Стараясь не думать о том, что тела, по идее, в этом месте у меня особо и нет, я, следуя своим инстинктам, вытянул побелевшую руку и ухватился за сердце. На краю сознания поступила информация, что в районе груди меня охватила безумная боль, но я не стал останавливаться и сжал чёрное сердце ещё сильнее.

К искреннему сожалению, этих пафосных выкрутасов было недостаточно. Оно не хотело поддаваться. Под ногами начали ощущаться какие-то нездоровые вибрации, будто…

Я активировал какую-то стрёмную систему защиты.
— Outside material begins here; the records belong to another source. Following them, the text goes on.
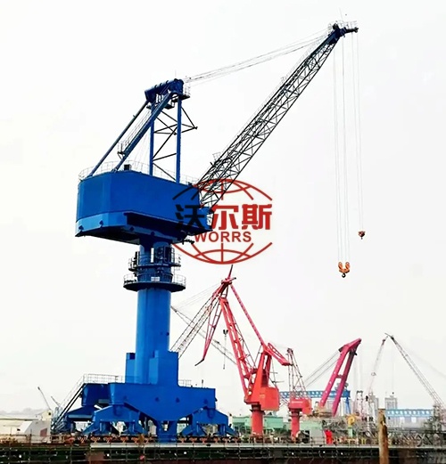 船坞门座式起重机,为港口装卸散货及件杂货的全回转门座起重机,用于码头前沿。适用于岸线较长的码头,如船厂的船台、舾装码头和万吨级泊位散杂货码头等。一般采用单臂架钢丝绳变幅、单臂架齿条变幅或四连杆臂架齿条变幅结构形式,配用吊钩或抓斗装卸货物。其结构具有足够的强度、刚度、稳定性和抗疲劳性。各机构布局合理,传动平稳,操作灵活,维修方便,能适应吊钩和抓斗的作业要求。在规定幅度范围内,起吊额定载荷可作水平变幅和360度回转。起升、变幅、回转、行走机构可单独动作,也可联合动作。整机可沿水平铺设的轨道直线运行。该类产品具有工作幅度大、起升高度高、速度快、运转平稳可靠、作业效率高等特点。
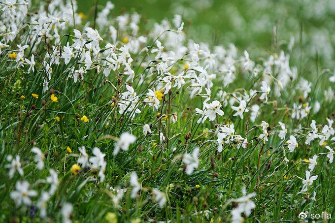 它们的花瓣和叶子也显得比中国水仙更“薄”一些,因而更觉柔美,但,绝不柔弱。相反,它们有着一种比家养水仙更为硬朗的气质。 也是,这些生在在海拔一千米以上的水仙,冬天球根深埋在冰雪之下,初春,看似纤细的叶片从残雪和泥土里钻出来,在高山上的疾风、暴雨、雷电和日晒的更迭中肆意生长,终于孕育出这一年一度从不失约的热烈绽放, 它必然会有一种刚硬的风骨。 如果说,家养的中国水仙如温婉恬静的大家闺秀,这些阿尔卑斯大山上的野生水仙更像是桀骜飘逸的世外仙子。
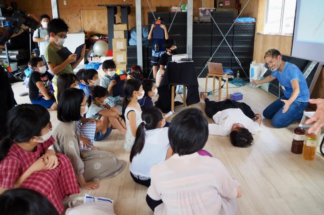 ドキドキ高鳴る心でやってきた子どもたちは、藤本さんから海水と羊水の成分が似ていることを学びました。
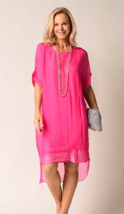 Elevate your wardrobe with our exquisite silk dress, featuring a stunning sequinned slip that adds a touch of glamour to any occasion. Crafted from luxurious, lightweight silk, this dress drapes beautifully, ensuring a flattering fit that moves gracefully with you. The soft, shimmering fabric feels divine against your skin, while the eye-catching sequinned hem catches the light with every step, creating a captivating silhouette.

Так-так-так-так, это плохо… ЭТО ОЧЕНЬ ПЛОХО!

Ух ё-ё-ё…

Кровавое озеро под ногами забурлило, в чёрном небе поднялся вихрь. В уши ударил леденящий душу вой сотен псевдо-китайский воинов. Не сразу понял, что одним из крикунов был и я сам. Даже находясь за пределами своего иллюзорного тела, даже не чувствуя толком проходимых процессов, даже осознавая, что лишь получаю обычную информацию о том, что со мной происходит, мне этого хватило, чтобы в достаточной мере ощутить специфичность происходящего.

Озеро крови под ногами словно ожило, начав течь по моему телу, будто пытаясь меня остановить и подавить — чёрная кровь начала обволакивать меня, и я не мог этому сопротивляться — никак и ничем. Ор, доносившийся из моего рта, кажется, начал в чём-то резонировать с ором местного контингента — для меня они в одночасье стали давними друзьями, с которыми я пережил и переживаю некоторое дерьмо.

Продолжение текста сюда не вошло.